This will be done using the define-code-test framework. Before commencing with cleaning the tables, copies of the tables are created

In [22]:
data_df_clean = data_df.copy()

.

### First Column has no name

#### Define

The first column of the data has an invalid column name which would be changed

#### Code

In [23]:
# to check the columns names
data_df_clean.columns

Index(['Unnamed: 0', 'work_year', 'experience_level', 'employment_type',
       'job_title', 'salary', 'salary_currency', 'salary_in_usd',
       'employee_residence', 'remote_ratio', 'company_location',
       'company_size'],
      dtype='object')

In [29]:
# to change the column name
data_df_clean.rename(columns = {'Unnamed: 0' : 'row_number'}, inplace = True)

#### Test

In [30]:
# to test if the code worked
data_df_clean.columns

Index(['row_number', 'work_year', 'experience_level', 'employment_type',
       'job_title', 'salary', 'salary_currency', 'salary_in_usd',
       'employee_residence', 'remote_ratio', 'company_location',
       'company_size'],
      dtype='object')

### Increment by 1 in the first column

#### Define
Increase the values in the first column by one

#### Code

In [33]:
# to check the minimum value
data_df_clean.row_number.min()

0

In [34]:
# to check the maximum value
data_df_clean.row_number.max()

606

In [35]:
# to increase the values by 1
data_df_clean['row_number'] = data_df_clean.row_number.apply(lambda x: x+1)

#### Test

In [36]:
# toc heck if the code worked
data_df_clean.row_number.values

array([  1,   2,   3,   4,   5,   6,   7,   8,   9,  10,  11,  12,  13,
        14,  15,  16,  17,  18,  19,  20,  21,  22,  23,  24,  25,  26,
        27,  28,  29,  30,  31,  32,  33,  34,  35,  36,  37,  38,  39,
        40,  41,  42,  43,  44,  45,  46,  47,  48,  49,  50,  51,  52,
        53,  54,  55,  56,  57,  58,  59,  60,  61,  62,  63,  64,  65,
        66,  67,  68,  69,  70,  71,  72,  73,  74,  75,  76,  77,  78,
        79,  80,  81,  82,  83,  84,  85,  86,  87,  88,  89,  90,  91,
        92,  93,  94,  95,  96,  97,  98,  99, 100, 101, 102, 103, 104,
       105, 106, 107, 108, 109, 110, 111, 112, 113, 114, 115, 116, 117,
       118, 119, 120, 121, 122, 123, 124, 125, 126, 127, 128, 129, 130,
       131, 132, 133, 134, 135, 136, 137, 138, 139, 140, 141, 142, 143,
       144, 145, 146, 147, 148, 149, 150, 151, 152, 153, 154, 155, 156,
       157, 158, 159, 160, 161, 162, 163, 164, 165, 166, 167, 168, 169,
       170, 171, 172, 173, 174, 175, 176, 177, 178, 179, 180, 18

### The use of MI, EN, SE and EX in Experience level

#### Define
The use of short words in experiecne level instead of the full name for clarity 

#### Code

In [37]:
# to check the unique values in the experience level column
data_df_clean['experience_level'].unique()

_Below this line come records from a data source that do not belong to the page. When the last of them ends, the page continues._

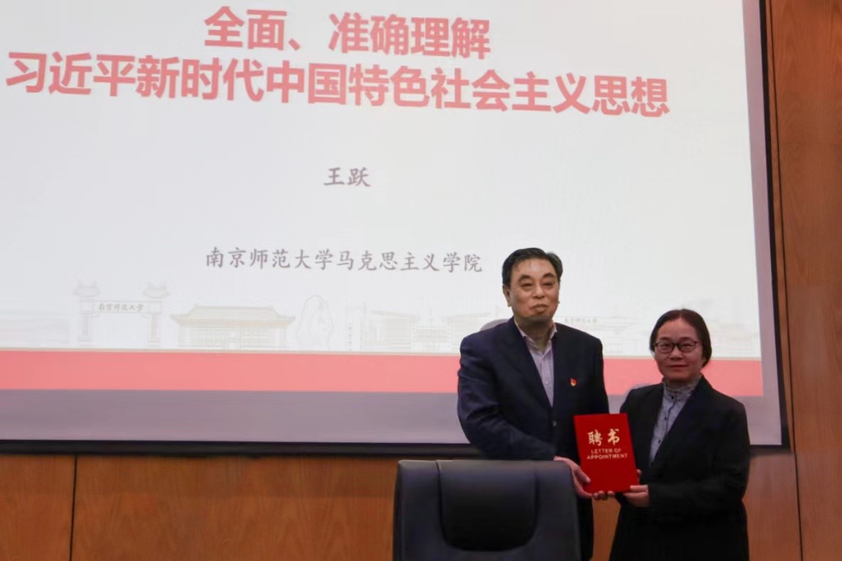 王跃教授现任南京师大马克思主义学院教授委员会主任,是马克思主义中国化研究博士点带头人,长期从事马克思主义中国化、中共党史、高校思政课方面的教学和研究。本次讲座聚焦“全面、准确理解习近平新时代中国特色社会主义思想”,帮助师生加深对习近平新时代中国特色社会主义思想的认识和理解,同时也为师生以习近平新时代中国特色社会主义思想的世界观和方法论为指引,坚持守正创新开展学术研究奠定了基础。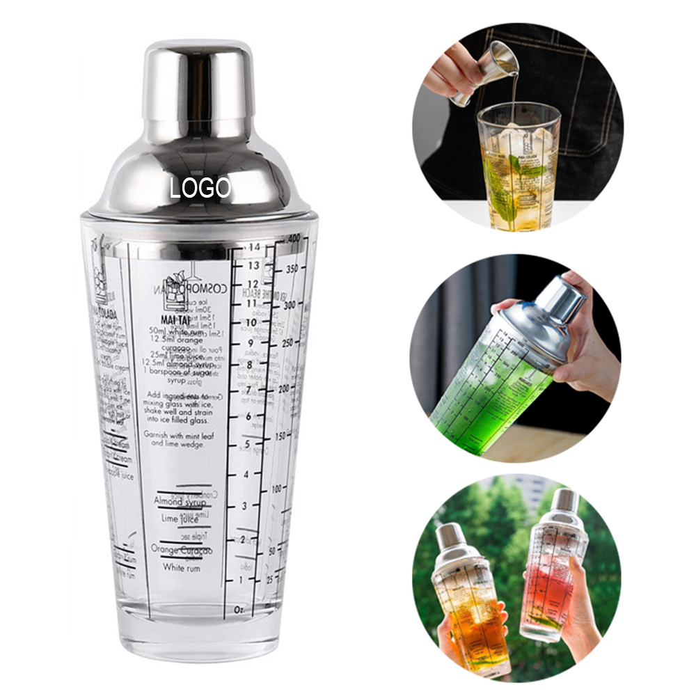 | Feature : | 14oz Clear Glass Cocktail Shaker with Strainer and Cocktail Recipes |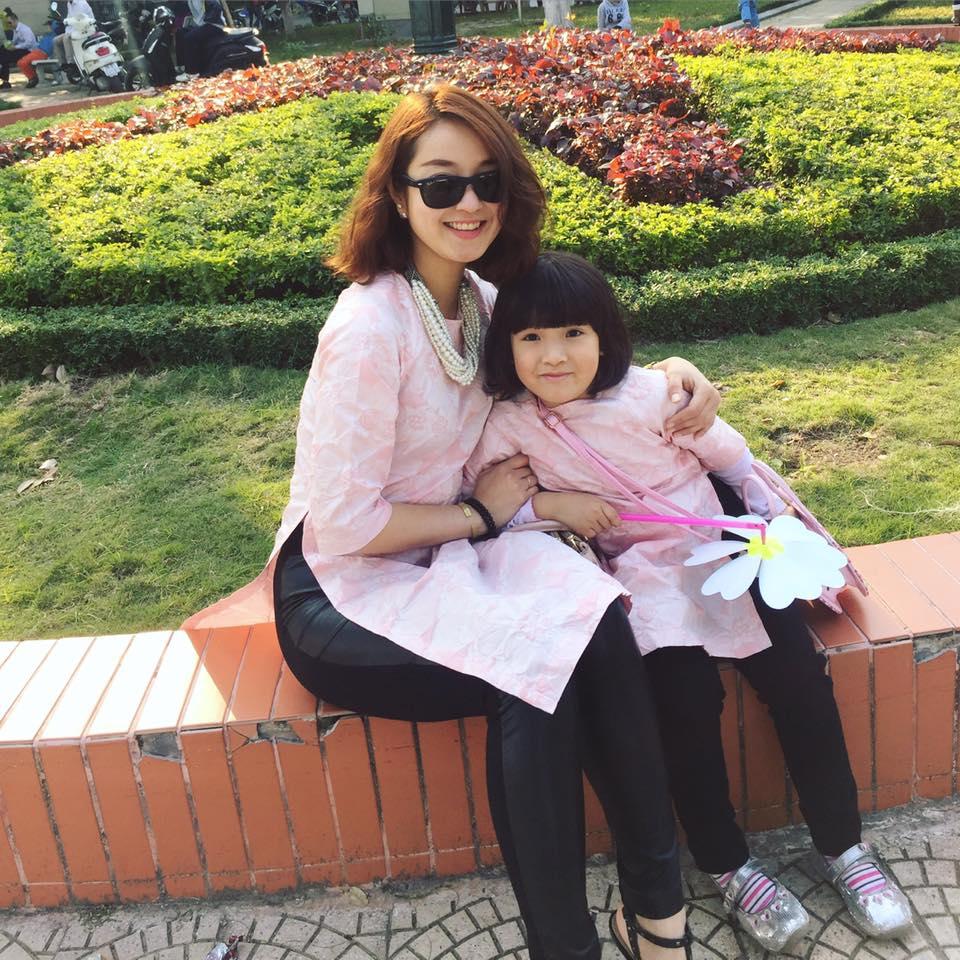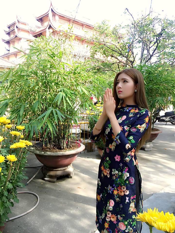 Kỳ Hân diện áo dài đi chùa ngày đầu năm.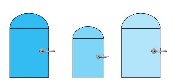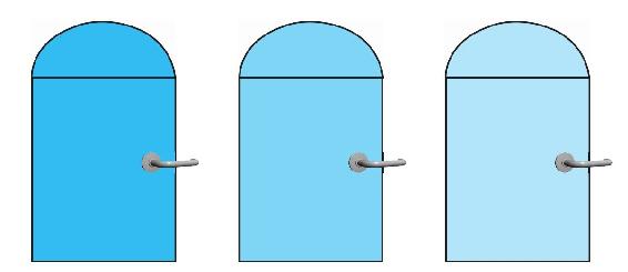我们继续来看刚才的实验,如图9-2所示,这时有了新的游戏规则:你每点一次屏幕,除了你所在房间以外的其他两扇房门的尺寸会跟着减少1/12。也就是说,如果你多几次不点另外两扇房门的话,它们就会完全消失掉。

array(['MI', 'SE', 'EN', 'EX'], dtype=object)

In [41]:
# to change the short strings to their full meaning
data_df_clean['experience_level'] = data_df_clean['experience_level'].replace(['MI', 'SE', 'EN', 'EX'],
                                                ['Mid level', 'Senior level', 'Entry level', 'Executive level'])

#### Test

In [39]:
# to test if the code worked
data_df_clean['experience_level'].unique()

array(['Mid level', 'Senior level', 'Entry level', 'Executive level'],
      dtype=object)

### The use of FT, PT, FL & CT in Employment Type

#### Define
The use of short words in employment type instead of the full name for clarity 

#### Code

In [42]:
# to check the unique values in the employment type column
data_df_clean['employment_type'].unique()

array(['FT', 'CT', 'PT', 'FL'], dtype=object)

In [43]:
# to change the short strings to their full meaning
data_df_clean['employment_type'] = data_df_clean['employment_type'].replace(['FT', 'CT', 'PT', 'FL'],
                                                ['Full-time', 'Contract', 'Part-time', 'Freelance'])

#### Test

In [44]:
# to test if the changes have been made
data_df_clean['employment_type'].unique()

array(['Full-time', 'Contract', 'Part-time', 'Freelance'], dtype=object)

### The use of Country Codes

#### Define
The use of short codes for country instead of the full country name in the employee residence and company location

#### Code

In [48]:
# to check the country code used in employee residence
data_df_clean['employee_residence'].unique()

array(['DE', 'JP', 'GB', 'HN', 'US', 'HU', 'NZ', 'FR', 'IN', 'PK', 'PL',
       'PT', 'CN', 'GR', 'AE', 'NL', 'MX', 'CA', 'AT', 'NG', 'PH', 'ES',
       'DK', 'RU', 'IT', 'HR', 'BG', 'SG', 'BR', 'IQ', 'VN', 'BE', 'UA',
       'MT', 'CL', 'RO', 'IR', 'CO', 'MD', 'KE', 'SI', 'HK', 'TR', 'RS',
       'PR', 'LU', 'JE', 'CZ', 'AR', 'DZ', 'TN', 'MY', 'EE', 'AU', 'BO',
       'IE', 'CH'], dtype=object)

In [49]:
# to check the country code used in company location
data_df_clean['company_location'].unique()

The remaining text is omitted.